- Citizenship: United States
- Occupation: Professor of Psychology

Academic background
- Alma mater: New York University; Yeshiva University

Academic work
- Institutions: Hunter College; CUNY Graduate School

= Sue Rosenberg Zalk =

American psychologist

Sue Rosenberg Zalk (1945 – 2001) was a development psychologist, feminist, and psychoanalyst known for her work on interpersonal relationships and attitudes about race and gender. Zalk was the Vice President for Student Affairs at the CUNY Graduate School at the time of her death.

== Biography ==
Sue Rosenberg Zalk was born on May 28, 1945, in New York. Her parents were Cecilia and Samuel Rosenberg. She attended New York University and received her B.A. degree in psychology in 1967. After graduating, she became an elementary school teacher. She continued with her studies at Ferkauf Graduate School of Yeshiva University where she received her M.A. degree in 1970 and her doctorate in Educational Psychology in 1972. She obtained training in psychoanalysis at the New York Center for Psychoanalytic Training.

Zalk taught at Hunter College (1974-1979) and the CUNY Graduate Center (1979-2001). She was Editor-in-Chief of the journal Sex Roles from 1991 to 2001. Zalk served as a member of the Council of the Society for the Psychological Study of Social Issues, American Psychological Association [APA] Division 9, and was active in the Society for the Psychology of Women (APA, Division 35). The Society for the Psychology of Women created the Sue Rosenberg Zalk Award for Distinguished Service to the Society for the Psychology of Women as a memorial in her honor.

Other awards in her honor include the Sue Rosenberg Zalk Endowed Fund Award, given by the CUNY Graduate Center to assist the scholarly research of a graduate student in the Women's Studies Certificate Program and the Sue Rosenberg Zalk Award given to a member of the CUNY community by the Feminist Press.

Zalk studied various topics in developmental psychology and the psychology of gender, including sex roles, violence against women, sexual harassment, and multiple role stress. With Phyllis A. Katz, Zalk created the Katz-Zalk Projective Prejudice Test to assess racial attitudes in children. Outside of her scholarly work, she was a mentor who inspired and influenced the lives of her students. She served as the first ombudsman officer at CUNY (1992-1995).

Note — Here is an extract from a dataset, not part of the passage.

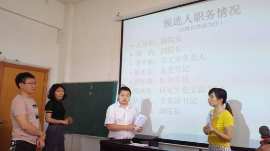 2018年6月6日,在四楼会议室学院教职工党员和部分本科生、研究生学生党员召开学院党委换届选举党员大会,会议由陈振富书记主持。本次选举有选举权的到会人数超过应到会人数4/5,符合选举要求。

She married Richard Zalk in 1971. They separated in 1991 but did not divorce. She died unexpectedly of a brain aneurysm on July 11, 2001, in Florida.

== Books ==

- Zalk, S. R., & Gordon-Kelter, J. (1992). Revolutions in knowledge: Feminism in the social sciences. Routledge.
- Zalk,S. R., & Franzini, L. R., (1997). Convention survival techniques: Getting the most out of your professional association meetings. Sage.

== Representative publications ==

- Katz, P. A., Sohn, M., & Zalk, S. R. (1975). Perceptual concommitants of racial attitudes in urban grade-school children. Developmental Psychology, 11(2), 135–144.
- Katz, P. A., & Zalk, S. R. (1978). Modification of children's racial attitudes. Developmental Psychology, 14(5), 447–461.
- Seavey, C. A., Katz, P. A., & Zalk, S. R. (1975). Baby x. Sex Roles, 1(2), 103–109.
- Zalk, S. R., & Katz, P. A. (1978). Gender attitudes in children. Sex Roles, 4(3), 349–357.
- Zalk, S. R. (1990). Men in the academy: A psychological profile of harassment. In M. A. Paludi (Ed.), Ivory power: Sexual harassment on campus (pp. 141–175). State University of New York Press.